In [7]:
import findspark
findspark.init()
import pyspark
from pyspark.sql import SparkSession
from pyspark.sql.functions import *

spark = SparkSession.builder.appName("UsedCarPricePrediction").getOrCreate()
sc = spark.sparkContext

# Reading csv file in pyspark dataframe:
df = spark.read.csv(r"D:\DBDA\FINAL_PROJECT\v1\vehicles.csv",header=True, inferSchema=True)

df.printSchema()
df.count()

#Drop the independent columns :
columns_to_delete = ['id', 'url', 'region_url','VIN','image_url','description','county','lat','long','posting_date','size','state']
df1 = df.drop(*columns_to_delete)

# Show column after deleting:
df1.columns

#drop duplicated records :
df2 = df1.distinct()
df2.count()

#Calculate the percentage of null values for each column :
null_counts = df2.select([sum(col(column).isNull().cast('int')).alias(column) for column in df2.columns])
total_rows = df2.count()
null_percentages = null_counts.select([((col(column) / total_rows) * 100).alias(column + "_null_percentage") for column in df2.columns])
null_percentages.show() # show null value %

#Drop rows with null values in specified columns :
df3 = df2.na.drop(subset=['region','price','year','model','odometer','manufacturer','transmission','title_status','fuel'])
df3.count()

#Handling Missing Values with Categorical Encoding :
df4 = df3.fillna('unknown')

#handling cloumns :

#manufacturer :
# Define the list of top 20 manufacturers
manufacturer_values = ['nissan','honda','chevrolet','mercedes-benz','ram','dodge','ford','jeep','toyota','bmw','subaru','volkswagen','kia','cadillac','hyundai','lexus','audi','chrysler','acura','buick']

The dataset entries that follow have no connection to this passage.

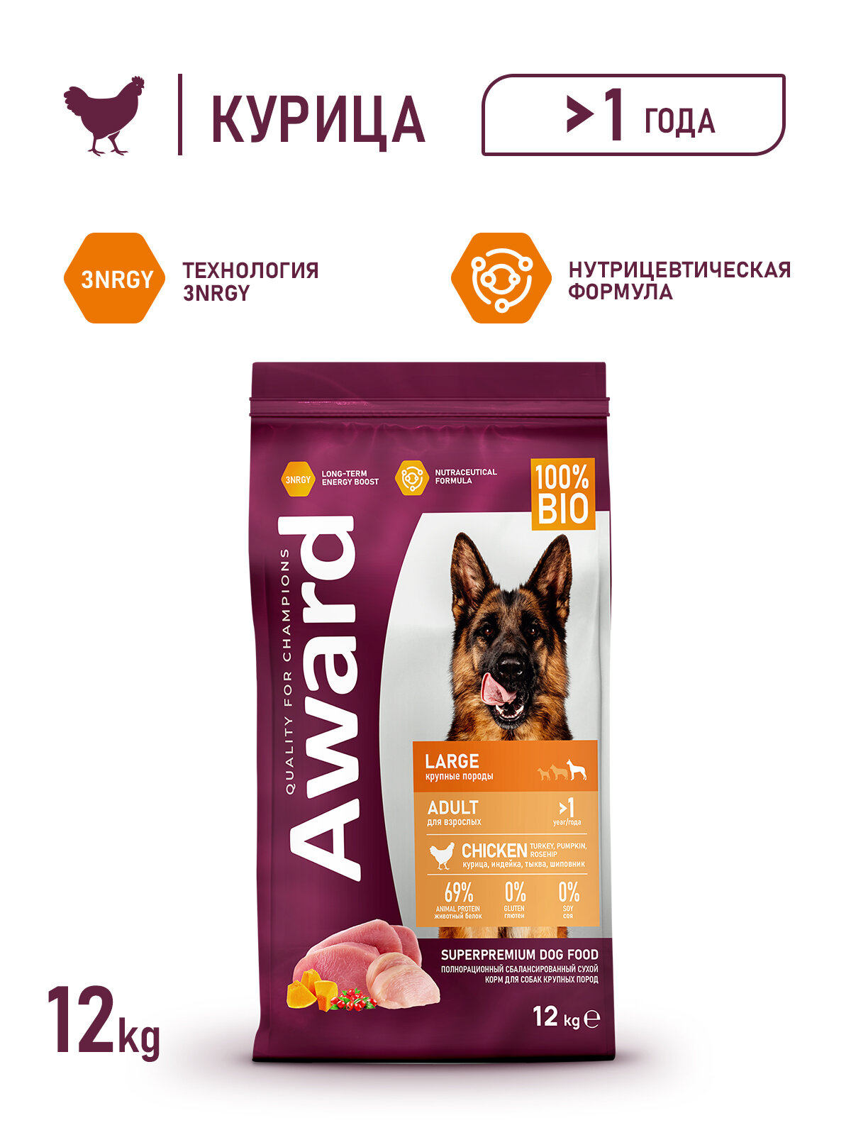 Сухой корм AWARD для взрослых собак крупных пород с курицей и индейкой с добавлением тыквы и шиповника 12 кг.
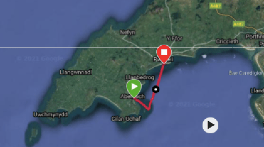 Head out from the beach to between the St. Tudwal's (give Bear Grills a wave as he owns the lighthouse on one) islands and turn towards the obvious white buildings of Pwllheli (north-easterly).
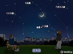 今日21日の夕方、西の低い空に、細い月が浮かびます。さらに、そのすぐ下には、ひときわ明るく輝く金星と、赤っぽい火星の姿も見られます。
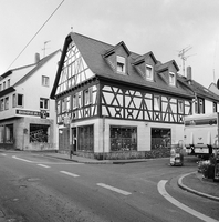 Giebelständiges Fachwerkhaus in Ecklage an der Einmündung Mühlstraße. Im Obergeschoss regelmäßiges, qualitätvolles Fachwerk um 1700 mit geradlinigen Mannfiguren, geschnitzten Knaggen, Feuerböcken als Brüstungszier und hochgestellten Andreaskreuzen an den Traufseiten. Giebelfachwerk neu vorgeblendet; moderne Gauben. Im Erdgeschoss ersetzten 1955 große Schaufenster und eine moderne Verkleidung die frühere Ladenfront mit Stichbogenfenstern. Rückwärtiger Erweiterungsbau ebenfalls aus Fachwerk, verputzt. Aufgrund seines reizvollen Fachwerkgefüges ist das Haus ein wichtiger Blickpunkt in diesem durch etwas inhomogenen Bebauung gekennzeichneten Straßenabschnitt.
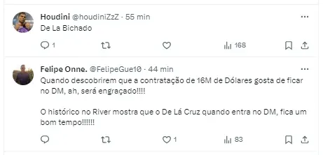 De la Cruz faz tratamento por conta de dores no ombro direito após um trauma sofrido no jogo contra o Botafogo. O jogador apresentou melhora e enfrentou o Volta Redonda no último sábado, mas sentiu dores novamente.
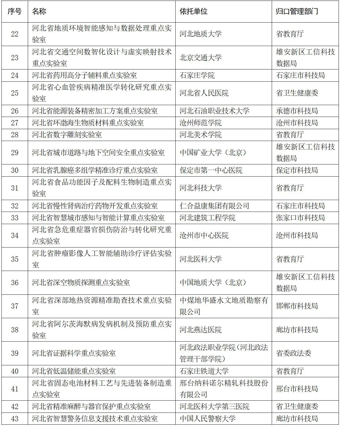 河北省科學技術廳關于公布2025年新建省重點實驗室和省技術創新中心名單的通知
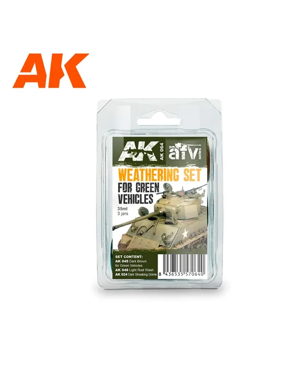 Tres productos de envejecido para los amantes de los vehículos verdes. El set incluye los colores AK 024, AK 045 y AK046, para hacer efectos de escurridos y lavados oscuros y de color oxido. Los tres colores se venden por el mismo precio que separados, pero están reunidos en un set para personas que quieran iniciarse en el mundo de los efectos de pintura o por comodidad de tener los tres colores en un mismo pack.
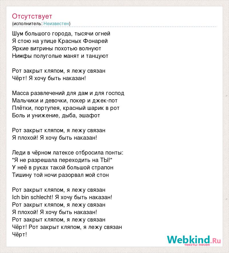 Шум большого города, тысячи огней Я стою на улице Красных Фонарей Яркие витрины похотью волнуют Нимфы полуголые манят и танцуют Рот закрыт кляпом, я лежу связан Чёрт! Я хочу быть наказан! Масса развлечений для дам и для господ Мальчики и девочки, покер и джек-пот Плётки, портупея, красный шарик в рот Боль и унижение, дыба, эшафот Рот закрыт кляпом, я лежу связан Я плохой! Я хочу быть наказан! Леди в чёрном латексе отбросила понты: "Я не разрешала переходить на ТЫ!" У неё в руках такой большой страпон Тишину той ночи разорвал мой стон Рот закрыт кляпом, я лежу связан Ich bin schlecht! Я хочу быть наказан! Рот закрыт кляпом, я лежу связан Я плохой! Я хочу быть наказан! Рот закрыт кляпом, я лежу связан Чёрт! Рот закрыт кляпом, я лежу связан Чёрт!
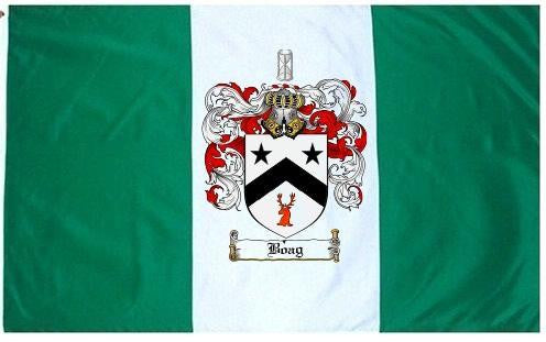 Boag Family Crest Flag / Coat of Arms Flag. You will receive a high quality 3' x 5' Polyester flag with two brass grommets. Proudly display your family heritage with this flag, or hang as a banner on a wall. Our flags make great gifts for birthdays, weddings, anniversaries, fathers day, mothers day, groomsmen gifts, and any other occasion
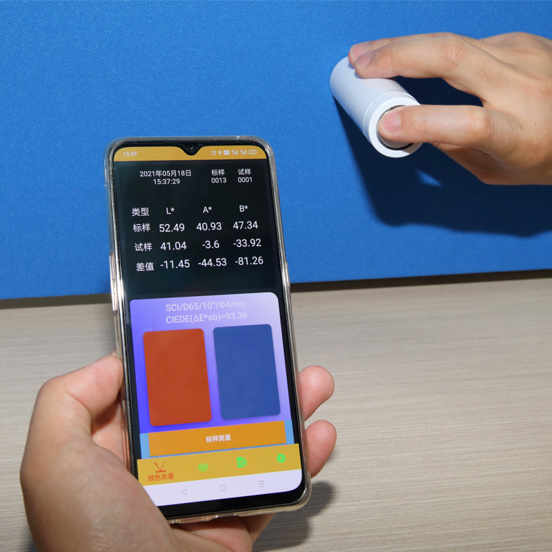 用于塑膠電子、油漆涂料、紡織服裝印染、陶瓷等行業色差品質管控; 體積小巧、攜帶方便,通過手機APP查找色卡,進行多種功能擴展 |
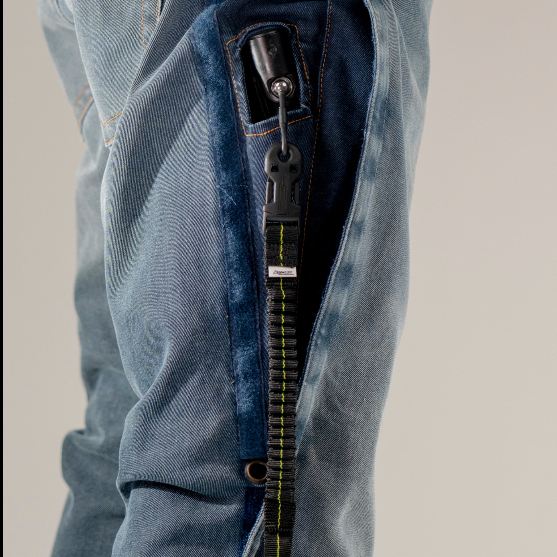 The Airbag Jeans features a unique two-piece system: the jeans and the airbag are separate but can be zipped together. This design allows the jeans to slide over the airbag during an impact, reducing the force through friction and enhancing your protection.
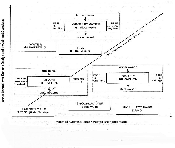 Brown et al. (1995) attempted to show how these technologies where linked to farmer control, i.e. the level of control that a farmer would have over the design and investment decisions and over water management, Figure 1.
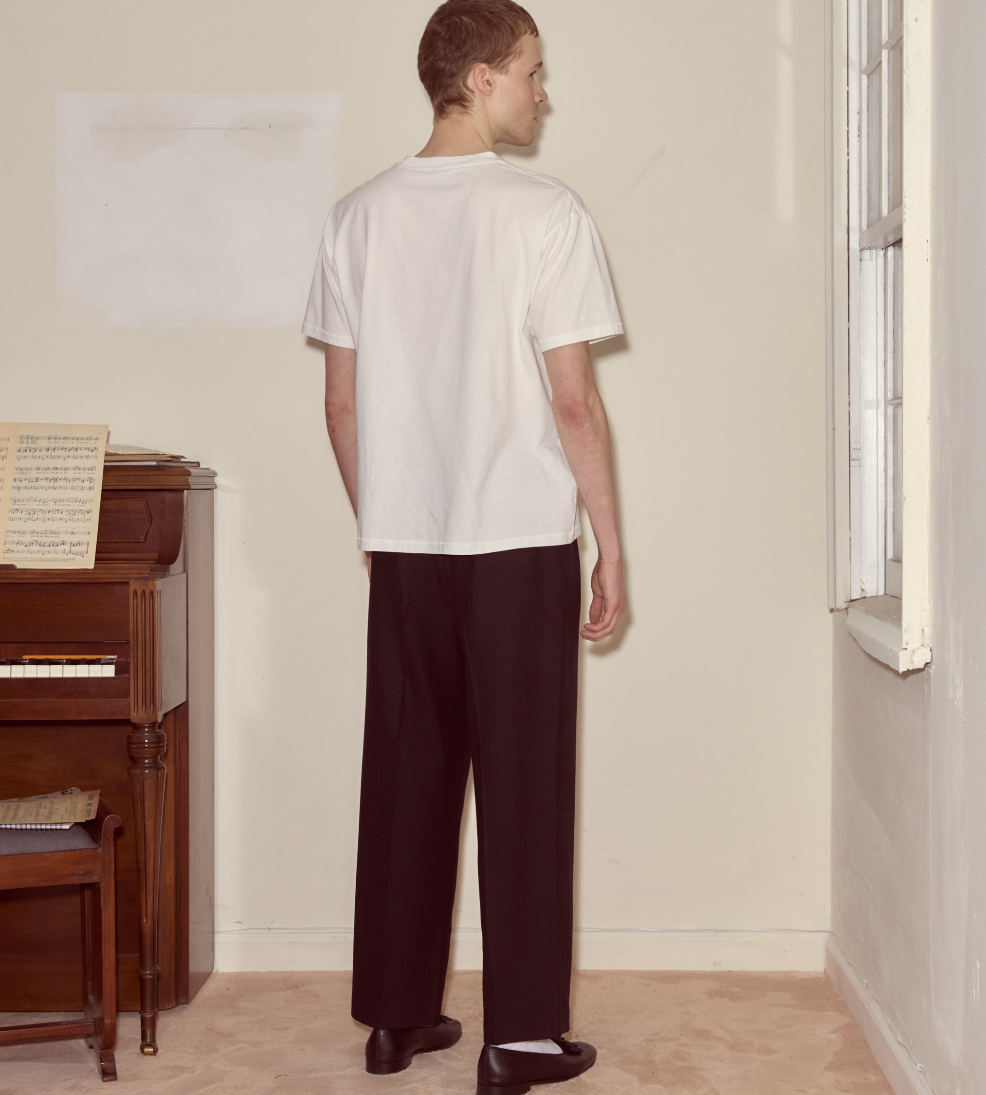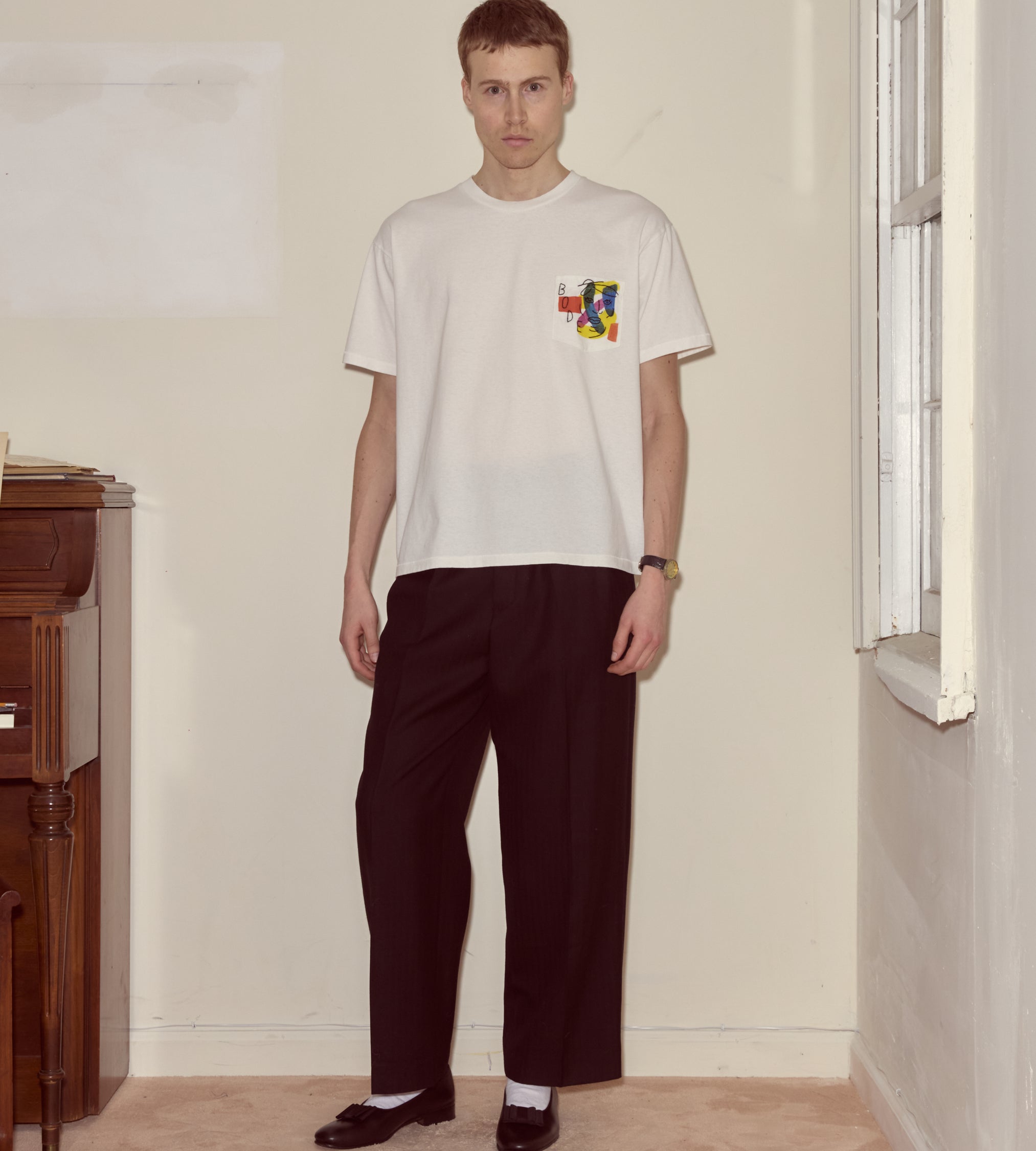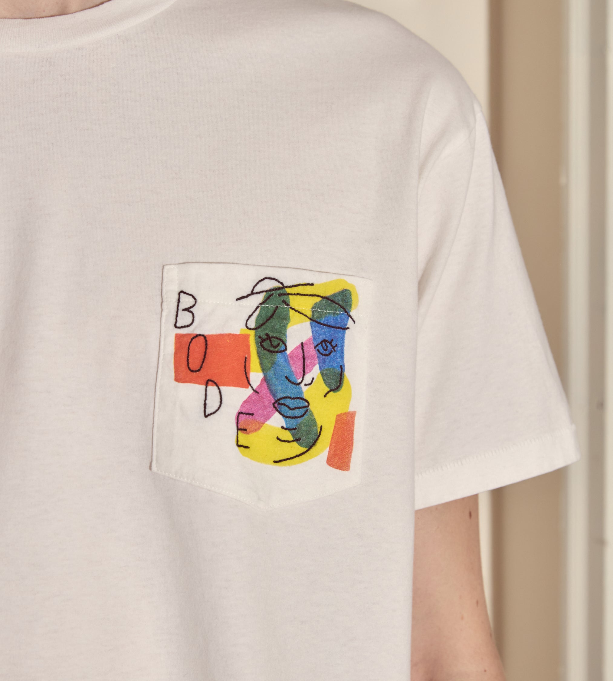 Moose Charlap and his writing partner, Eddie Lawrence, shared an eye for Modernist art—Lawrence had studied painting under Fernand Léger after the war, and both men filled their homes with art purchased from young artists in Paris. This pocket tee, with its abstract colorblocking and illustrated face, is an homage to their art collections.
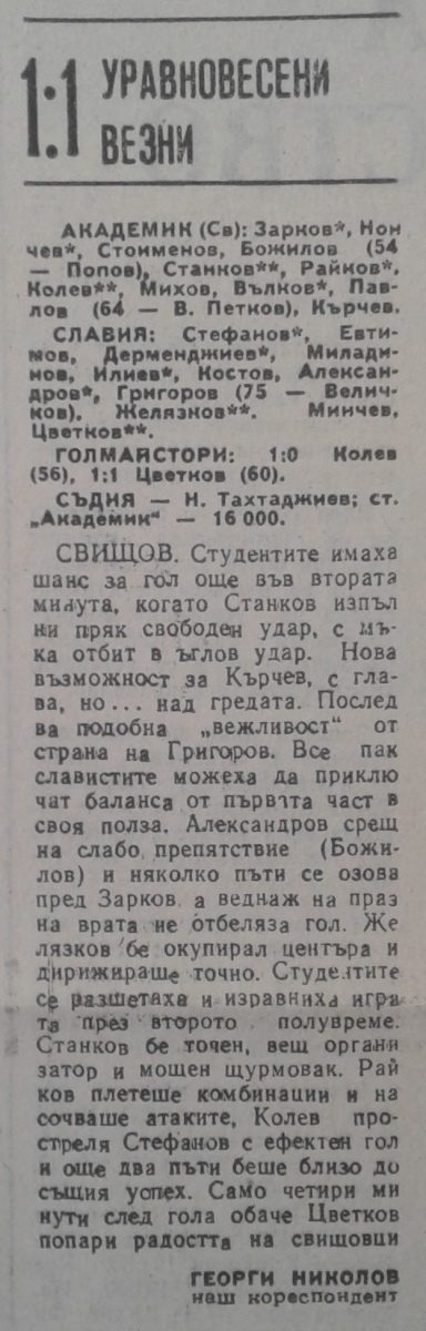 «Академик» Свиштов - «Славия» София - 1:1
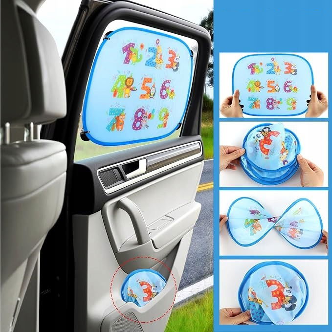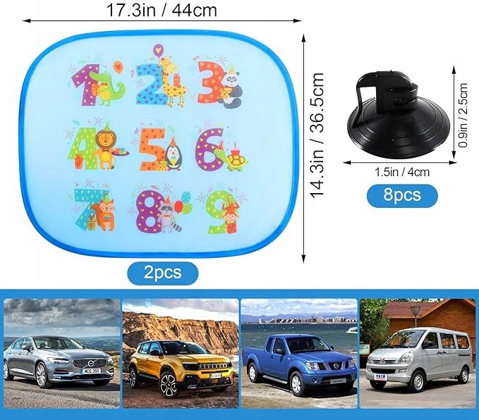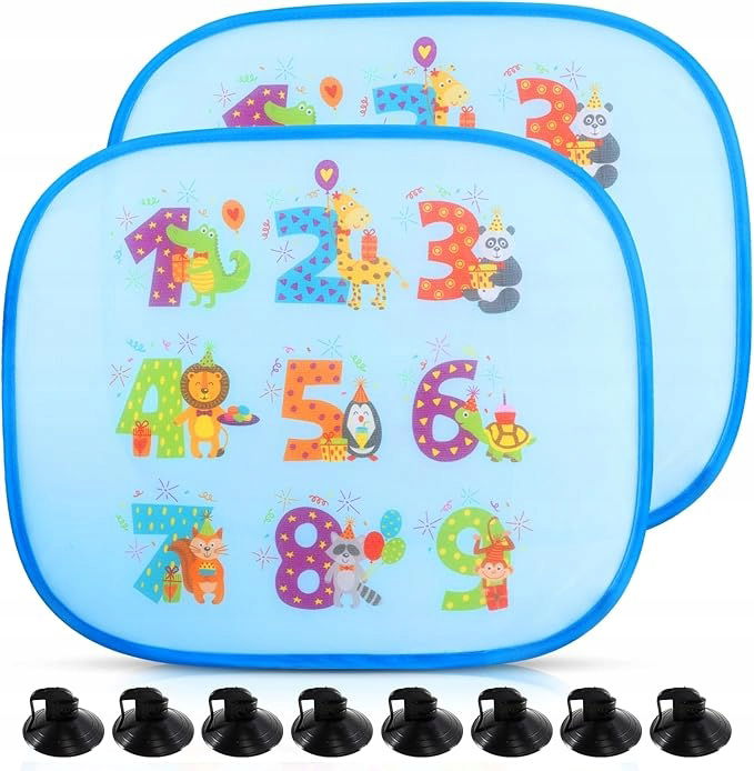 2x Osłona przeciwsłoneczna do Samochodu dla Dzieci 44x35 cm 8 przyssawek
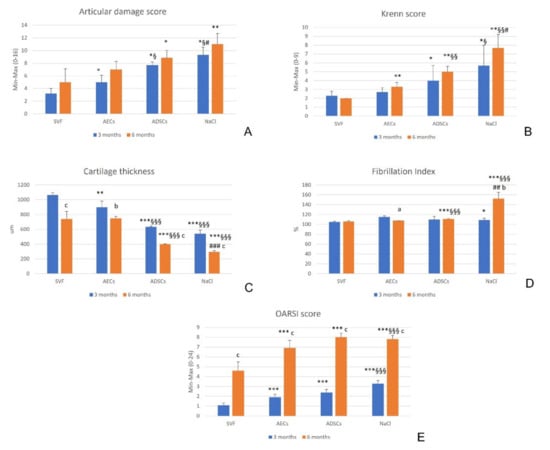 Mean and standard deviation (SD) of macroscopic score (A), Krenn score (B), cartilage thickness (CT) (µm) (C), fibrillation index (FI) (%) (D), and OARSI score (E), for all treatment groups: SVF, AECs, ADSCs and NaCl, at 3 and 6 months. N = 6. *, p < 0.05; **, p < 0.005; ***, p < 0.0005: SVF vs. AECs, ADSCs and NaCl. §, p < 0.05; §§, p < 0.005; §§§, p < 0.0005: AECs vs. ADSCs and NaCl. #, p < 0.05; ##, p < 0.005; ###, p < 0.0005: ADSCs vs. NaCl. a, p < 0.05; b, p < 0.005; c, p < 0.0005: 6 months vs. 3 months.
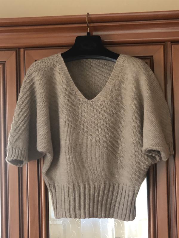 Пуловер з мохером з коротким рукавом , красивого бежевого кольору. Довжина по спині 50 Довжина плеча з рукавом 39 ПОТ 40 в спокійному стані ( тягнеться до 50) Склад: 30% мохер, 20% лана, 50% акрил Країна виробник Італія
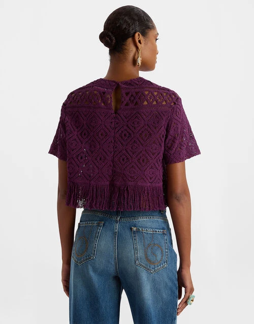 Our favorite high-low tee reimagined in macrame knit to exude dreamy vacation ease wherever you are in the world. With detailed finishing, it features a cool, cropped T-shirt silhouette that leans into a boxy, boyish vibe. Belissima and breezy with the matching macrame Drawstring Skirt or Glastonbury-ready worn with your favorite jeans.
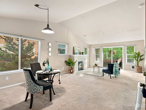 Fabulous second story condo in prime Dupont location! Vaulted ceilings and large windows create a light and bright open concept living space. Gas fireplace; recessed lighting. White, crown molding topped cabinetry in Kitchen. Tiered peninsular counter with eating bar. All appliances stay! Primary Suite completed with walk-in closet and private bath with walk-in closet. Two guest bedrooms plus full guest bath. Laundry room in unit! Enjoy your morning coffee or evening beverage on covered deck. Over-sized garage for parking or additional storage space. Sports fields, trails, golf course - this neighborhood has it all! Mere minutes from JBLM main access & I5 for commuting. Move-in ready - all it needs is you!

# Use when function to update the 'manufacturer' column
df5 = df4.withColumn('manufacturer', 
                   when(df4['manufacturer'].isin(manufacturer_values), df4['manufacturer'])
                   .otherwise('others'))

# region :
# Count the occurrences of each region value
manufacturer_counts = df5.groupBy('region').count()

# Sort the counts in descending order and select the top 50 region
top_manufacturers = manufacturer_counts.orderBy('count', ascending=False).limit(50)

# Extract the top 50 region values
manufacturer_values = [row['region'] for row in top_manufacturers.collect()]

# Use when function to update the 'region' column
df6 = df5.withColumn('region', 
                     when(df5['region'].isin(manufacturer_values), df5['region'])
                     .otherwise('others'))

#model :
# Count the occurrences of each model value
manufacturer_counts = df6.groupBy('model').count()

# Sort the counts in descending order and select the top 50 model
top_manufacturers = manufacturer_counts.orderBy('count', ascending=False).limit(50)

# Extract the top 50 model values
manufacturer_values = [row['model'] for row in top_manufacturers.collect()]

# Use when function to update the 'model' column
df7 = df6.withColumn('model',
                     when(df6['model'].isin(manufacturer_values), df6['model'])
                     .otherwise('others'))


# transmission :
names_to_match = ['automatic','manual','other','unknown'] 
df8 = df7.filter((col("transmission").isin(names_to_match)) )

#year :
#converting year, odometer, price column type to integer type:

df9 = df8.withColumn("year", col('year').cast("int"))
df10 = df9.withColumn("odometer", col('odometer').cast("int"))
df11 = df10.withColumn("price", col('price').cast("int"))
df11.printSchema()

# handling outliers :
#price:
# Calculate quartiles

price_percentiles = df11.approxQuantile("price", [0.15, 0.75], 0.01)
price_percentile15 = price_percentiles[0]
price_percentile75 = price_percentiles[1]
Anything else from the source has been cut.